--- START ---
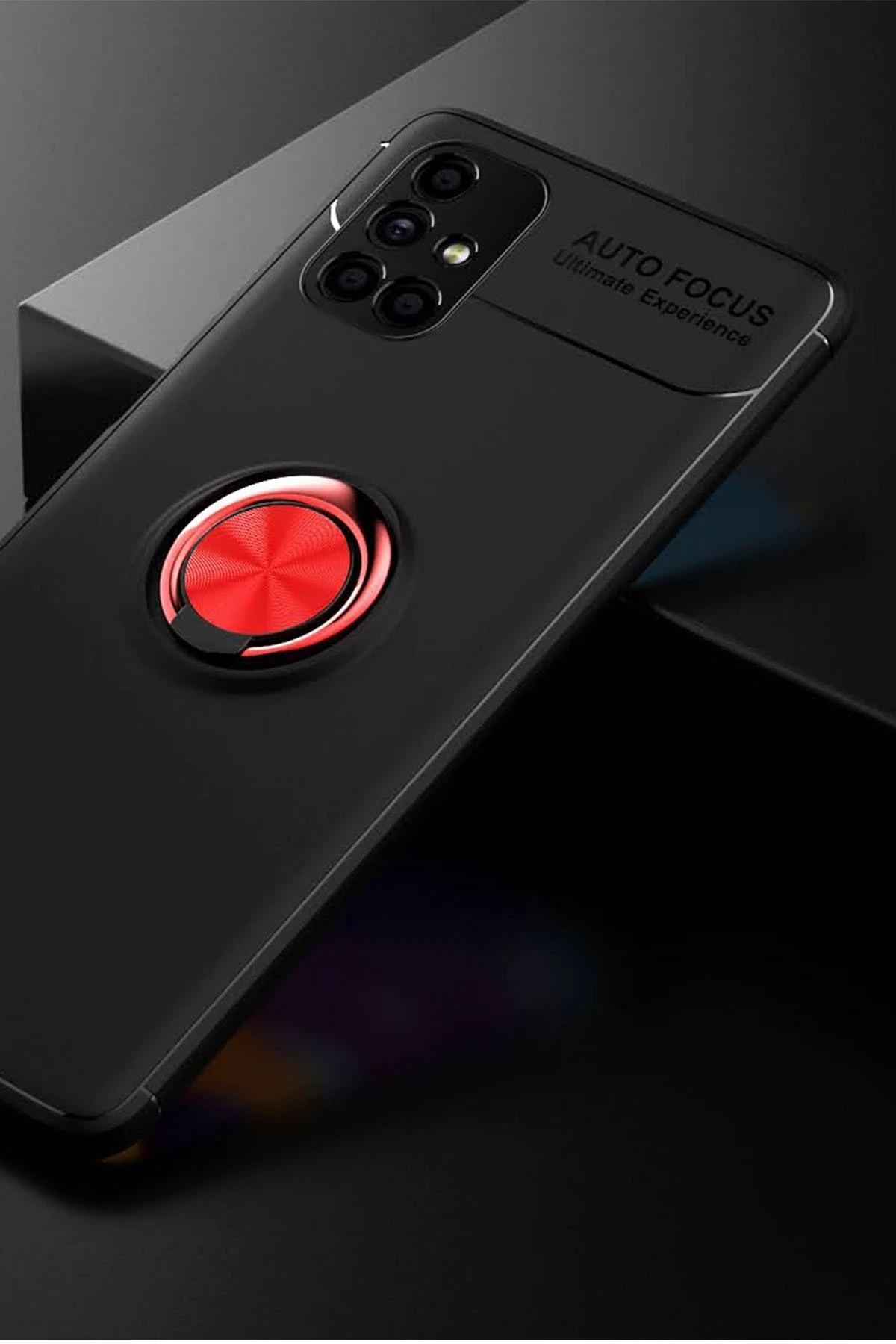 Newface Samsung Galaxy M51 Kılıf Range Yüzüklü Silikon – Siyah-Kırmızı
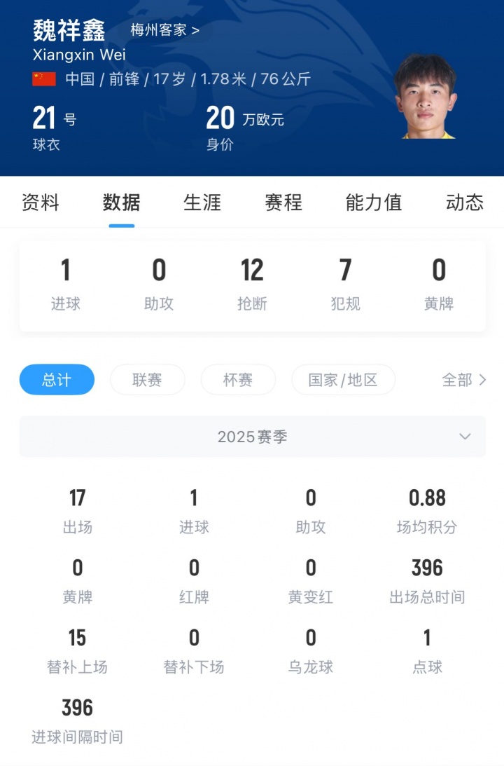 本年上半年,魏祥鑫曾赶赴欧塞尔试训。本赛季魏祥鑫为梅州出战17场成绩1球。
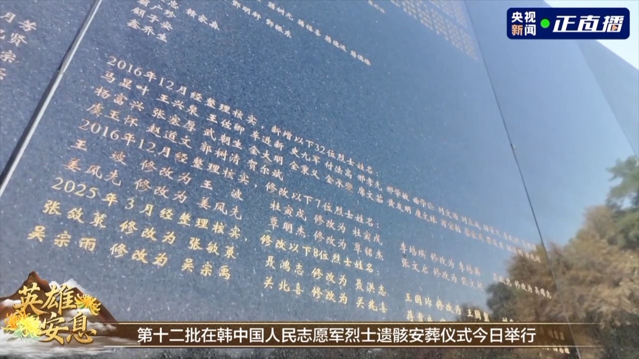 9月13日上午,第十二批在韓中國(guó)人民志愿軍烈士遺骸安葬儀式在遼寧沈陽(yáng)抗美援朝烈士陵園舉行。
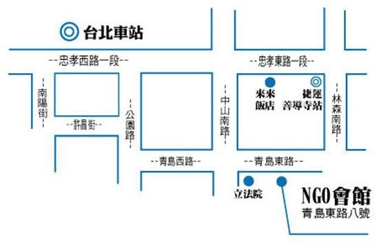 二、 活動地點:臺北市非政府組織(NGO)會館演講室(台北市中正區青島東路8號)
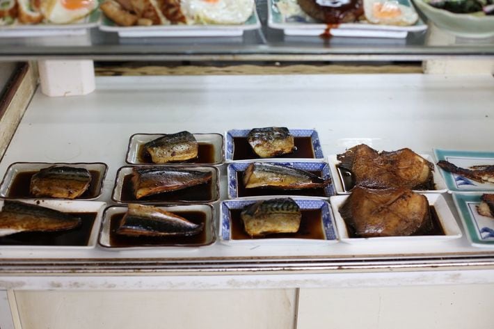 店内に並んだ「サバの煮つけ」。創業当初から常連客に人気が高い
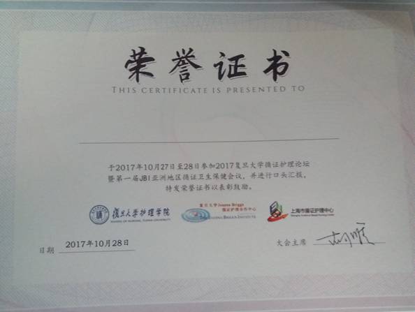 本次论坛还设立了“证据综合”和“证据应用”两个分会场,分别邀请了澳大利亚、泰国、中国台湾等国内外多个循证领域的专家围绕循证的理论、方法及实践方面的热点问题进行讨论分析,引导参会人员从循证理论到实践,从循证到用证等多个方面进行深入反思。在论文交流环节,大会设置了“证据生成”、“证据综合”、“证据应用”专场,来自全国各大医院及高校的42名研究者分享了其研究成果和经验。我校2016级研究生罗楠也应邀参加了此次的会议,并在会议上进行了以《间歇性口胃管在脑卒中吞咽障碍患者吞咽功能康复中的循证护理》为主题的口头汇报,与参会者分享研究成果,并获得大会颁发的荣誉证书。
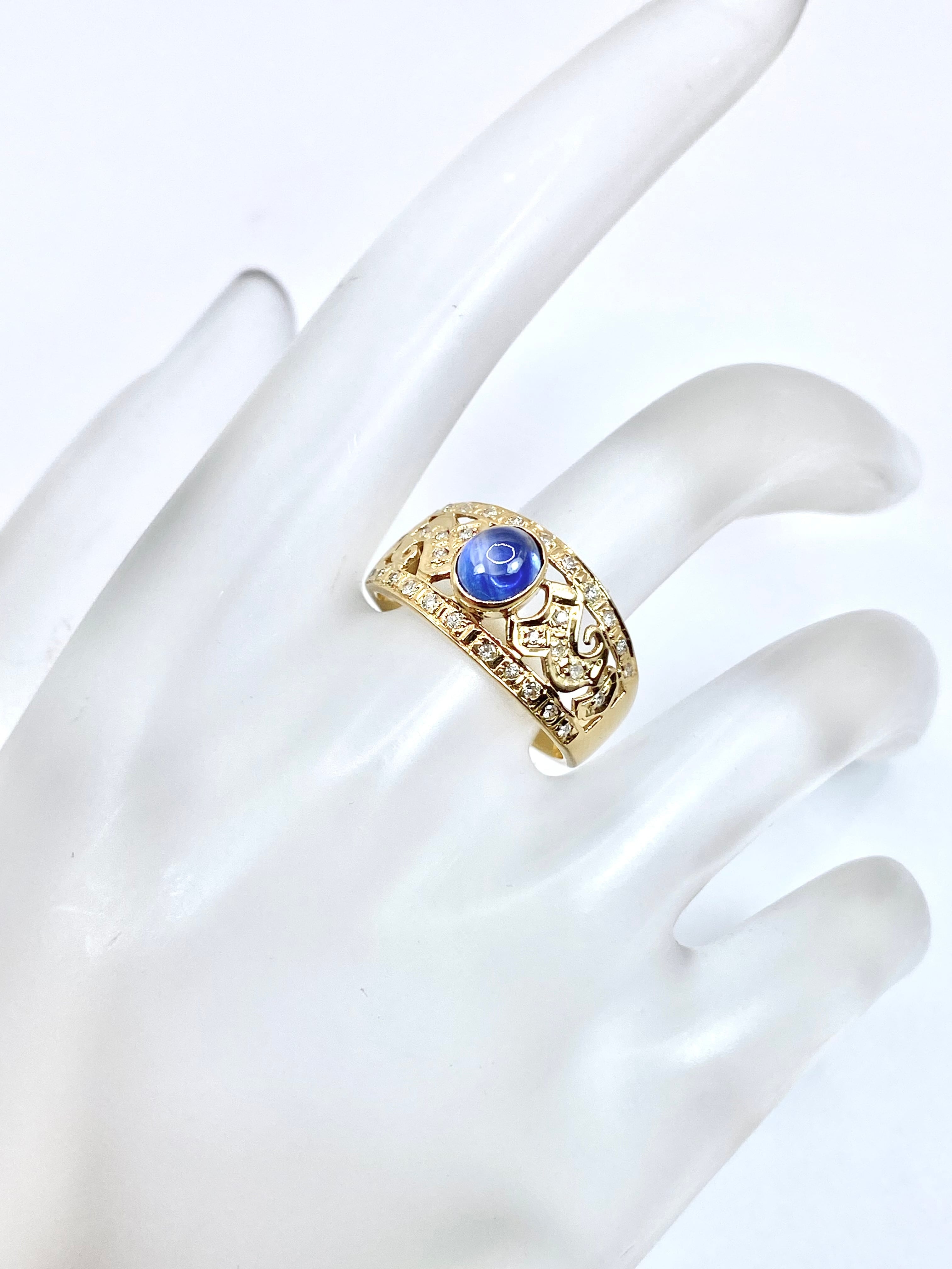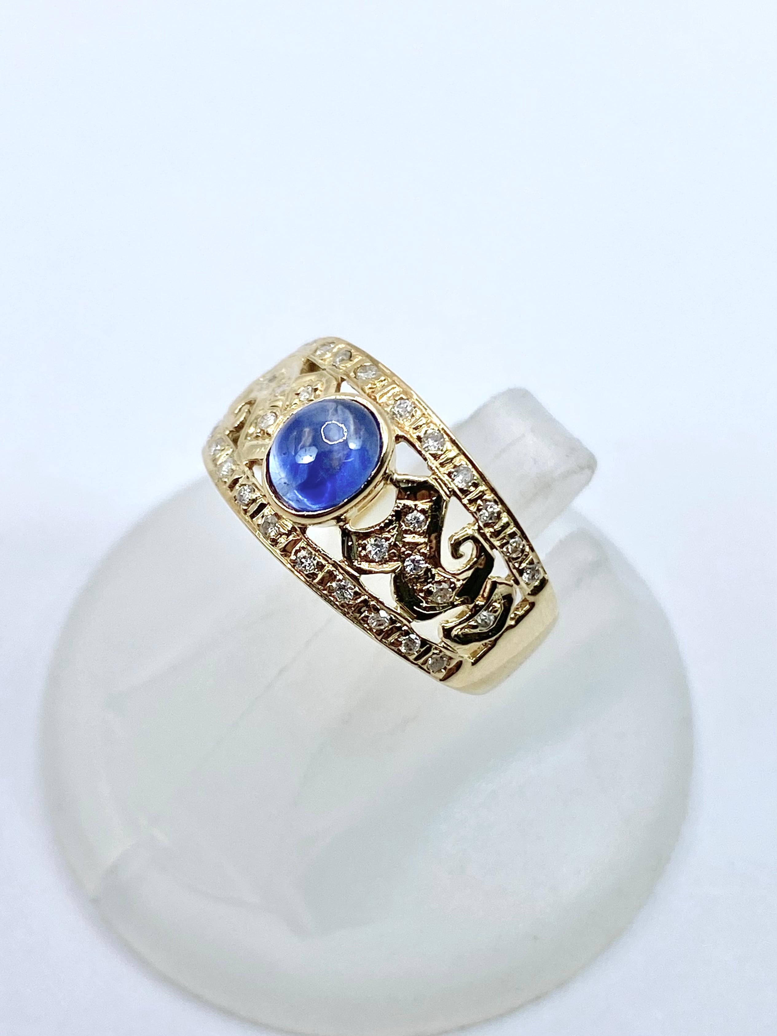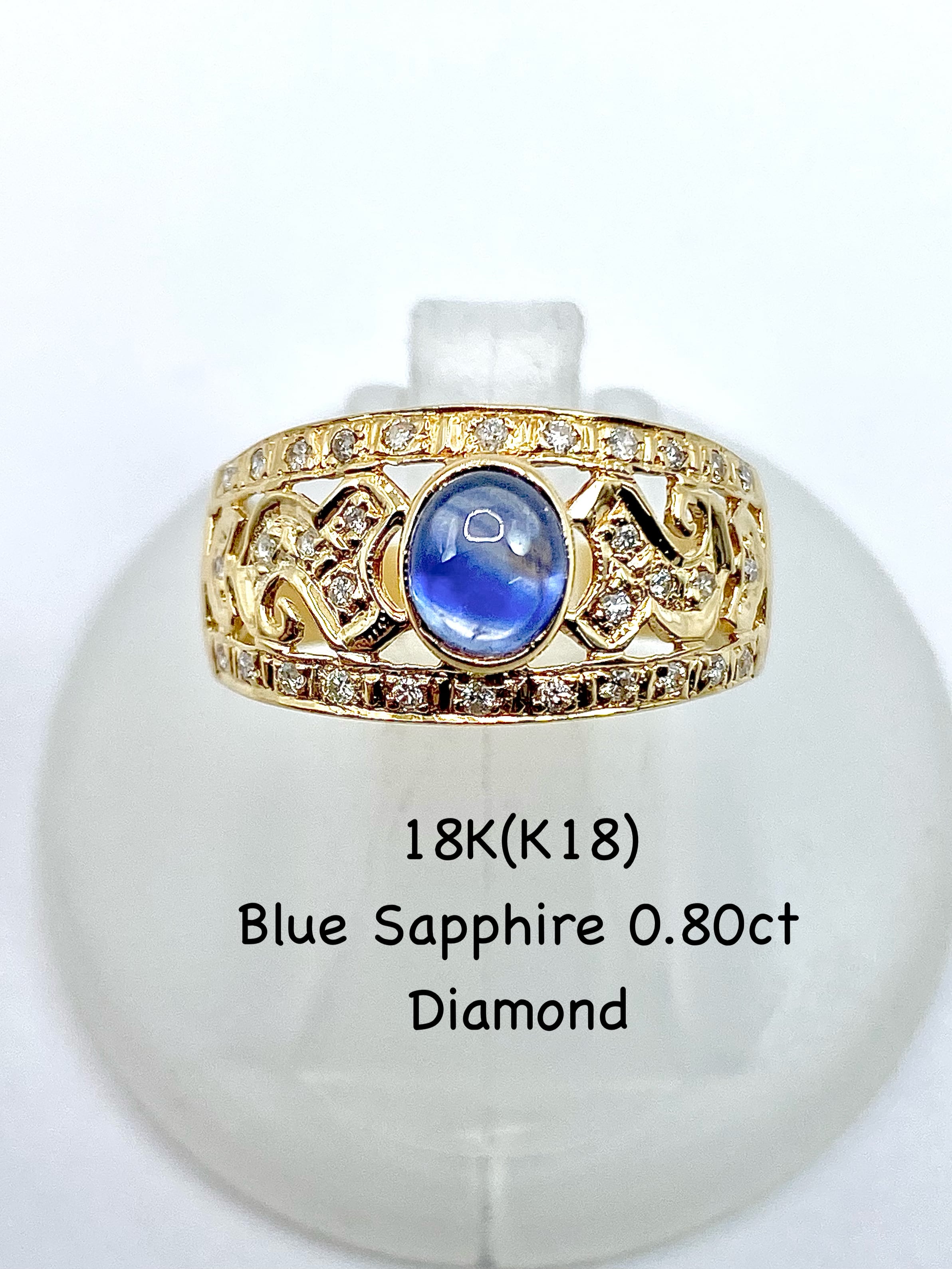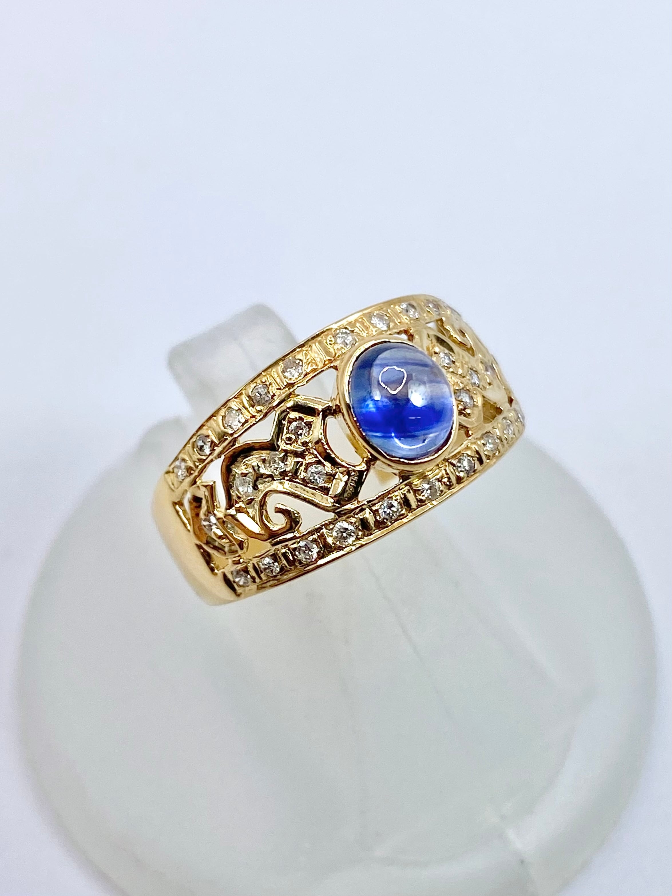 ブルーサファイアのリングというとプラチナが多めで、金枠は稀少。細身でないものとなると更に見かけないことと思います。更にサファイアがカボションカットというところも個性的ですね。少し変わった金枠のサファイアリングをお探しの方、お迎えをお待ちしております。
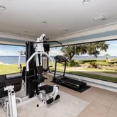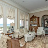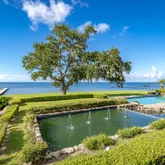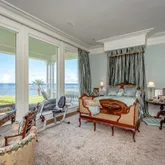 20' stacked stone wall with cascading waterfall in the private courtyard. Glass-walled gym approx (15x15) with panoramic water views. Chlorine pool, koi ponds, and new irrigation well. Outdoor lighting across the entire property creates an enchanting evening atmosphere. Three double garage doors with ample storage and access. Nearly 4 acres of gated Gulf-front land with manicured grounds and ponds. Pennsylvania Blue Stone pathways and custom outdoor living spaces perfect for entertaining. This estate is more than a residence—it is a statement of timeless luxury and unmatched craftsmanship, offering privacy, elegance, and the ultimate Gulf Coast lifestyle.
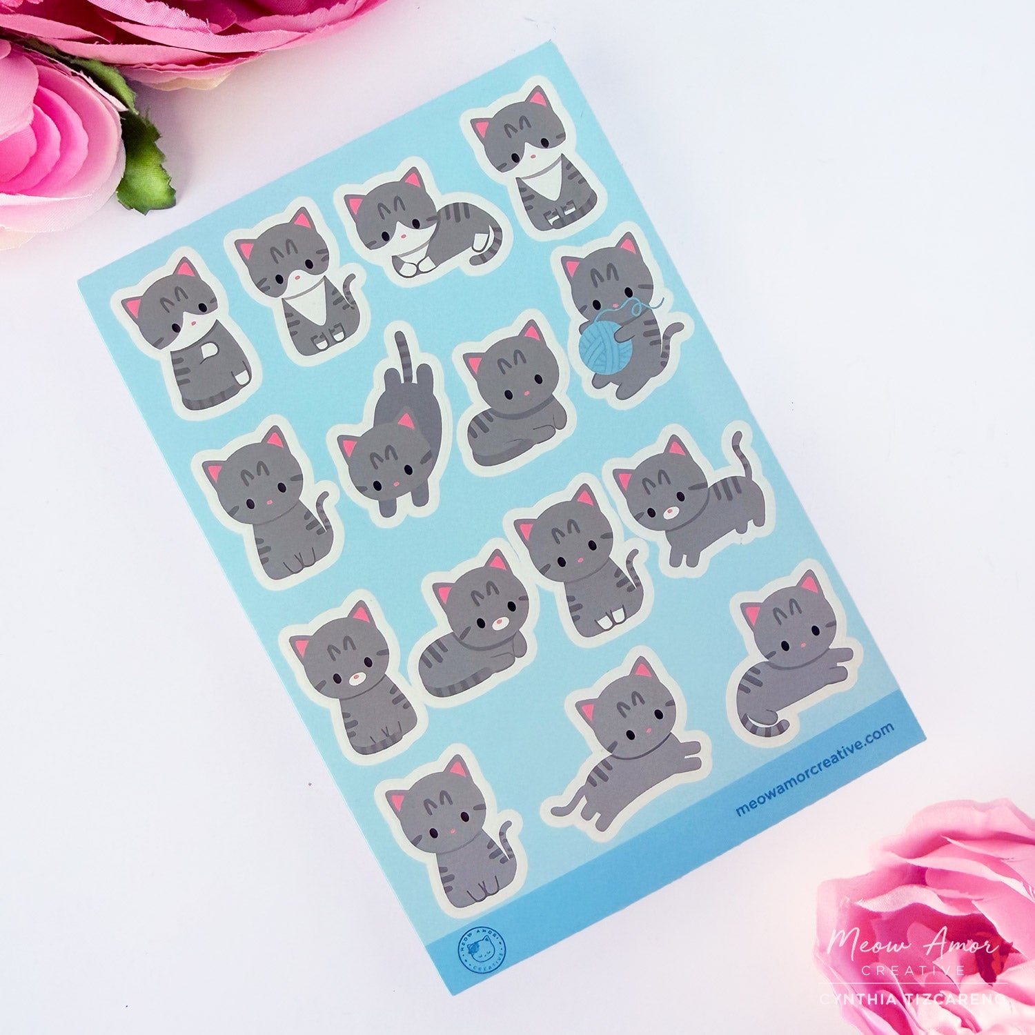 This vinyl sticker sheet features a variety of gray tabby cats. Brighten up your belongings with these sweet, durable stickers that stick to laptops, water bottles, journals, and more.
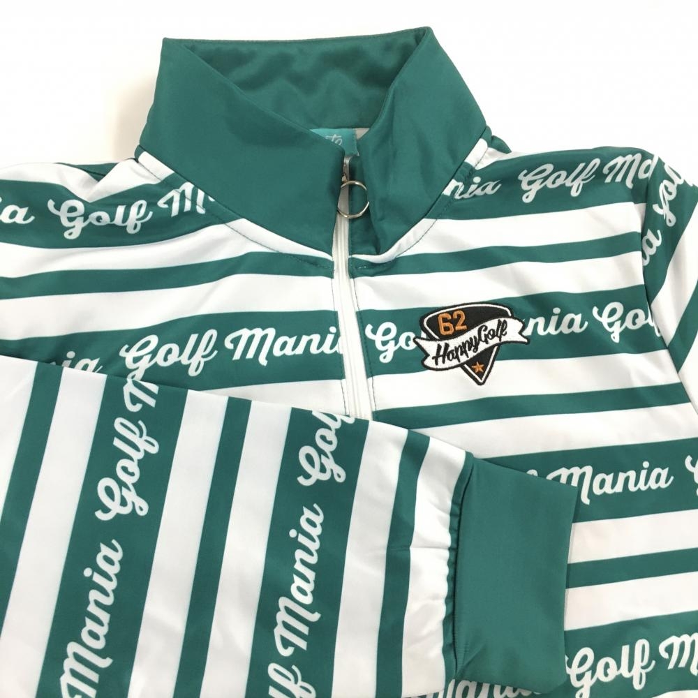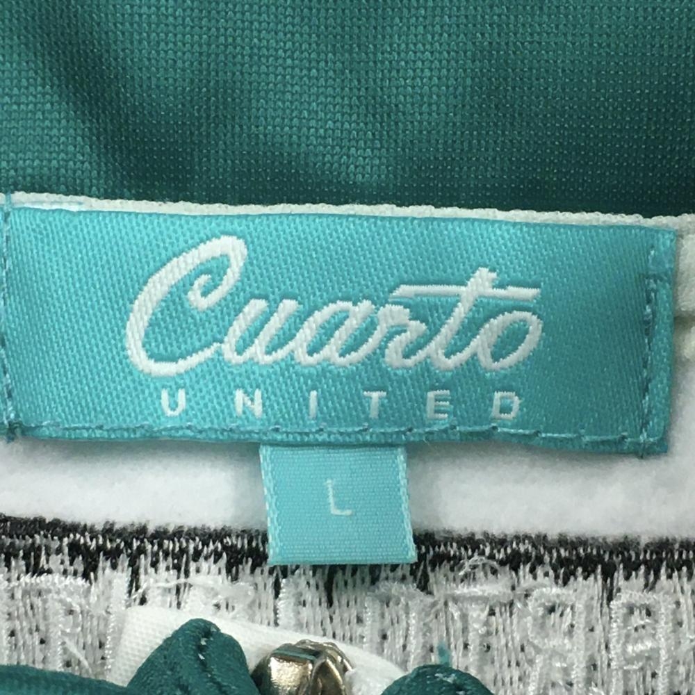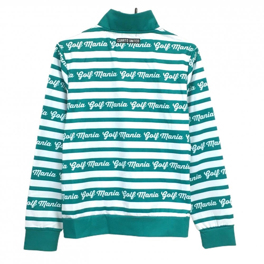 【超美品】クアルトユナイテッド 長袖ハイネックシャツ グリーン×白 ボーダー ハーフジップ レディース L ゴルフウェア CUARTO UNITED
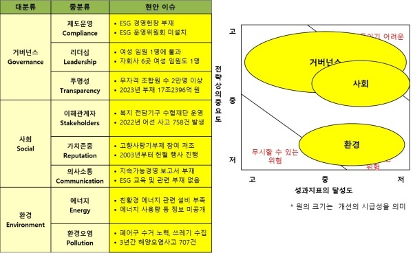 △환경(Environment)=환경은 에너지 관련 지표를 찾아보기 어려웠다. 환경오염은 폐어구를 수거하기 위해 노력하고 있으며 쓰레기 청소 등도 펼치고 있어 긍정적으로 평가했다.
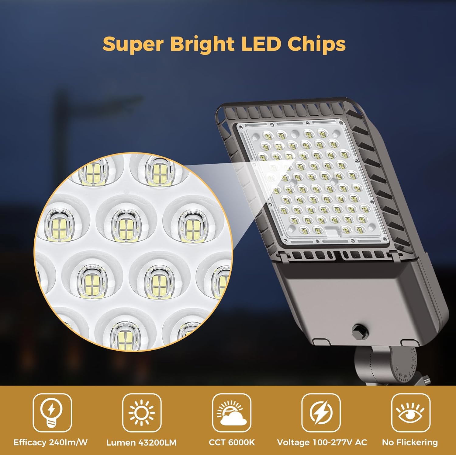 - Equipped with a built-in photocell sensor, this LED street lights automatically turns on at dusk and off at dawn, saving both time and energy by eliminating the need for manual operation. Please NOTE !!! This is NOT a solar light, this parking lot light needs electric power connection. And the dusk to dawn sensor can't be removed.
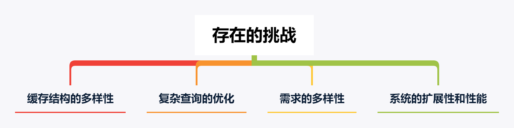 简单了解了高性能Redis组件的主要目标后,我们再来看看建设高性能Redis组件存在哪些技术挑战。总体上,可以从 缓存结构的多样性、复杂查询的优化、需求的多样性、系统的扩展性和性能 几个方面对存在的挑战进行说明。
--- END ---
REQUIREMENT:
Begin at the first line of the entries and end at the line containing "店内に並んだ「サバの煮つけ」。創業当初から常連客に人気が高い": write out each line exactly, skipping pictures.

TASK ANSWER:
 Newface Samsung Galaxy M51 Kılıf Range Yüzüklü Silikon – Siyah-Kırmızı
 本年上半年,魏祥鑫曾赶赴欧塞尔试训。本赛季魏祥鑫为梅州出战17场成绩1球。
 9月13日上午,第十二批在韓中國(guó)人民志愿軍烈士遺骸安葬儀式在遼寧沈陽(yáng)抗美援朝烈士陵園舉行。
 二、 活動地點:臺北市非政府組織(NGO)會館演講室(台北市中正區青島東路8號)
 店内に並んだ「サバの煮つけ」。創業当初から常連客に人気が高い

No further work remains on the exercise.